This writeup is not about the internet blog "Stuff White People Like", as such. The blog "Stuff White People Like", which flourished circa the year 2008, a dim and distant time. The blog tried to convey the opinions and tastes of a certain subset of the white population, the educated, often well-to-do urbanites that straddled the line between hipster and young professional. 1 The blog was written by something whose lifestyle was actually much like those he was mocking. The blog was fairly accurate, in broad strokes, at describing the pretensions, good and ill, of a certain class of people. (And I myself, in broad strokes, fit into the category it was mocking, inasmuch as I am a white, educated person from a cosmopolitan background.)

One of the curious features of this blog is it sometimes used the term "the wrong sort of white people" to refer, in a ha-ha, only serious manner to all the white people who were not young urbanites ready to embrace any new trend of ethnic cuisine, social justice or Apple products. What seemed so fitting about this at the time is that the image of the dominant paradigm of white culture was the Prius-driving, latte-sipping, Obama-supporting young person, with the grumpy old meat and potatoes white people seemed to be fading back.
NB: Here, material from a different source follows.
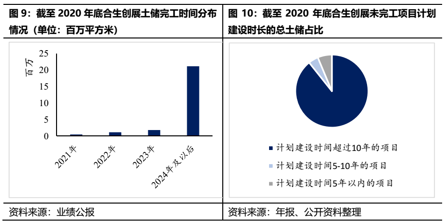 剔除上述的歷史囤地,可以發現合生創展近年來加快了高周轉項目的布局,2017年后,合生創展新增項目權益土儲建設面積中,52%的建設時間在5年以內,建設時間5年以上的項目僅兩個,主要是廣州番禺區南村鎮舊改項目土儲面積較大,放大了這部分的占比。

Sometime after the election, the media suddenly discovered, probably out of a desire to find a story, that not all white people were left-of-center urbanites. Instead, they discovered that many white people were, indeed, "the wrong sort of white people". Pick your stereotypes--- many white people preferred Nascar to Prius, hunting to Thai Food, etcetera. To sum up, lets just say that many white people preferred blind self-aggrandizement to blind self-abnegation.

And this is where Soren Kierkegaard comes in. Or perhaps, one aspect of his philosophy, since his writings covered many and diverse subjects. In The Sickness Unto Death, Kierkegaard wrote that sin is the process of being in despair before God, and in willing to be yourself. And that sin is the process of being in despair before God, and not willing to be yourself. After I read this, and upon reflection, I realized that Kierkegaard here was thinking of something that I had been reflecting on upon for a very long time, in various guises. How people, when trying to figure out how to deal with the difficult task that having a self entails, tend to deal with it in by folding themselves into a type of recursive self-reflection, or by adopting an identity of pure will and impulse. And in case this needs to be further explicated vis-a-vis the opinions of the aforementioned white people,:

The nexus of hipster/urbanite culture is in self-abnegation. Some people might take it as an affront that most hipsters are ashamed to be American, if not for the fact that they were also ashamed to be hipsters. The people who were the target of the "Stuff White People Like" blog were those who had turned their back on their received traditions and identity, and treated everything of that nature with derision and shame. And after doing that, and trying to prove their difference with a study of foreign cultures and new trends, they turned upon themselves, treating their own culture of derision with derision. And upon this foundation of deconstruction, very little could be built.

And for this reason, the old white culture became new again. A culture that tries to blot out all traces of doubt and fear through an enthusiastic restatement, ad nauseum, of legends of identity, belonginess, and unreflective embrace of the will. This culture is xenophobic not in a political or social sense, but in the sense of wanting to eradicate anything that is foreign, and thus disturbing, to the self. The will and tradition form a self-reinforcing relationship that nothing can break apart.

Of course, both of these viewpoints are caricatures, and are not directly relateable to any particular social or political movements. And yet, they are not illusions, because once people have found a pretend way to deal with their basic despair, one or two of these paths, and the intent social and personal madness that follows the increasingly futile attempts to deal with the self, will always occur, and will get better until the core issue is dealt with.

And do I imagine that any time soon, a culture that deals with actual social or personal issues will arise, that will enable us to deal with things in a clear manner, free of self-aggrandizement or self-abnegation? Although this might seem to be an easy enough thing to do, I have no hopes that it will happen any time soon.